How to cite this URL:
Wani AA. Commentary: Epithelioid hemangioma of spine. Neurol India [serial online] 2015 [cited 2023 Dec 10];63:611-2. Available from:


Angiolymphoid hyperplasia with eosinophilia was a name given to a rare endothelial cell tumor which the World Health Organization later on designated as epithelioid hemangioma (EH). [1],[2] The authors have drawn attention to an entity, which is relatively unheard of in neurosurgical practice. I would like to emphasize the differential diagnosis of EH about which the description provided in the manuscript is not adequate. [3] One has to differentiate EH from a conventional vertebral hemangioma (VH), an epithelioid hemangioendothelioma (EHE), and an angiosarcoma (AS).

Radiologically, the difference is not clear except that increasing bone destruction and soft tissue involvement is found as one moves down the spectrum from VH to EH to EHE to AS. Although some other differences are mentioned in the literature, they are not widely accepted.

In the absence of diagnostic and radiologically differentiating signs, it is histopathology supplemented with immunohistochemistry, that differentiates the entitites. VH may be of capillary or cavernous type. The cavernous type comprises multiple, large, thin-walled vascular spaces lined by flat endothelial cells. The capillary type is composed of numerous capillary channels lined by plump uniform endothelial cells and separated by a reactive fibrous tissue. The adipose tissue is variable in amount. [3]

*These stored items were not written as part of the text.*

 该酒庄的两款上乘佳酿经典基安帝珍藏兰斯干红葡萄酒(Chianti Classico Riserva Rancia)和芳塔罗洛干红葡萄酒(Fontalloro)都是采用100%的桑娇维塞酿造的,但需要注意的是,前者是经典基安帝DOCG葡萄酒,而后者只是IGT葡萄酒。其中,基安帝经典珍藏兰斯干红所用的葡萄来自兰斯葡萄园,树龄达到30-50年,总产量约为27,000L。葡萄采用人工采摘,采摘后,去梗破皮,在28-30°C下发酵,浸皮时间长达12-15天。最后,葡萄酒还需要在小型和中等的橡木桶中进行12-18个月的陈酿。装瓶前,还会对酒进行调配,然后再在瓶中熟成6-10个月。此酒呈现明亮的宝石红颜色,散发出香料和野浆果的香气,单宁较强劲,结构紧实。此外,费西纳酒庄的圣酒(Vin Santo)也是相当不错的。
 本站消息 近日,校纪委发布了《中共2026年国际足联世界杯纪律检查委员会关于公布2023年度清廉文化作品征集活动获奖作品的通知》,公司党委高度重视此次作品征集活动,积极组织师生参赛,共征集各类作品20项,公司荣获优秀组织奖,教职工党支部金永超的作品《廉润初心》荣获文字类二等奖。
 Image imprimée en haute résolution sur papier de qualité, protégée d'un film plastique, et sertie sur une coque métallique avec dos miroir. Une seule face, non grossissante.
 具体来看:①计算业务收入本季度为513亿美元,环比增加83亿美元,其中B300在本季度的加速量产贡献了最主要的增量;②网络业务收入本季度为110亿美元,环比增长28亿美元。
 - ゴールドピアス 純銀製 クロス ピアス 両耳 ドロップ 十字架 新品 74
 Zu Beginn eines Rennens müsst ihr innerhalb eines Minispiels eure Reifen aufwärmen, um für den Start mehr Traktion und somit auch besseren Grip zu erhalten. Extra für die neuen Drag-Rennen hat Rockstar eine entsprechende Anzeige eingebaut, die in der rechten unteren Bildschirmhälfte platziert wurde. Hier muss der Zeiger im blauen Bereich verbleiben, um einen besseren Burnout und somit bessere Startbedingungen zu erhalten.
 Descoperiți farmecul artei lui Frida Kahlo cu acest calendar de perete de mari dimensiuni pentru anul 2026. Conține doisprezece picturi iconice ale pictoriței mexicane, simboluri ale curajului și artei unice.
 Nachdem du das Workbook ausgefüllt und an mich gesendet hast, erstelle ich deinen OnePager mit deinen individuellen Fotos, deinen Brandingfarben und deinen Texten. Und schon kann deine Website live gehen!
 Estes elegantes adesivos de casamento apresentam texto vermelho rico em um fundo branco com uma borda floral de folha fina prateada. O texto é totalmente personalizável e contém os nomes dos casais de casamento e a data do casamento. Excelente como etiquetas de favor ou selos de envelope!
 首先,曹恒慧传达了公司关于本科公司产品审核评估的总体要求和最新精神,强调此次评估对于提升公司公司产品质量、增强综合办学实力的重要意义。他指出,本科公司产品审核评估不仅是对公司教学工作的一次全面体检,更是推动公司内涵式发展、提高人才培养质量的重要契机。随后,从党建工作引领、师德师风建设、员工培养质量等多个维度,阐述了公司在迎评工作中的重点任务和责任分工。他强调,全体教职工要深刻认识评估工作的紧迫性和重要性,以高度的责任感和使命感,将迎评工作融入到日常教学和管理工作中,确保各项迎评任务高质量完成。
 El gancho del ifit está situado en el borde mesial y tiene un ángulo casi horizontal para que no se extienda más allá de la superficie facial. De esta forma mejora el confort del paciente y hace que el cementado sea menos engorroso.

In EH, the vascular structures are lined by a single layer of plump, epithelioid endothelial cells with abundant eosinophilic cytoplasm in a loose, paucicellular collagenized background. Rarely mitoses are seen, there is only mild cellular atypia, and they stain positive for CD31 and CD 34. [4]

In EHE, the epithelioid endothelial cells form nests or cords and lie in the loose hyalinized stroma. They have abundant eosinophilic cytoplasm and often have intracytoplasmic vacuoles. Unlike normal endothelial cells, they have abundant intermediate filaments and stain for vimentin and often to cytokeratin as well. In AS, sheets of cells with irregular vascular channels and plenty of atypia and pleomorphism are seen. The degree of vascularity is much more than seen in EH and EHE. Foci of necrosis are typical of AS. [5],[6],[7],[8]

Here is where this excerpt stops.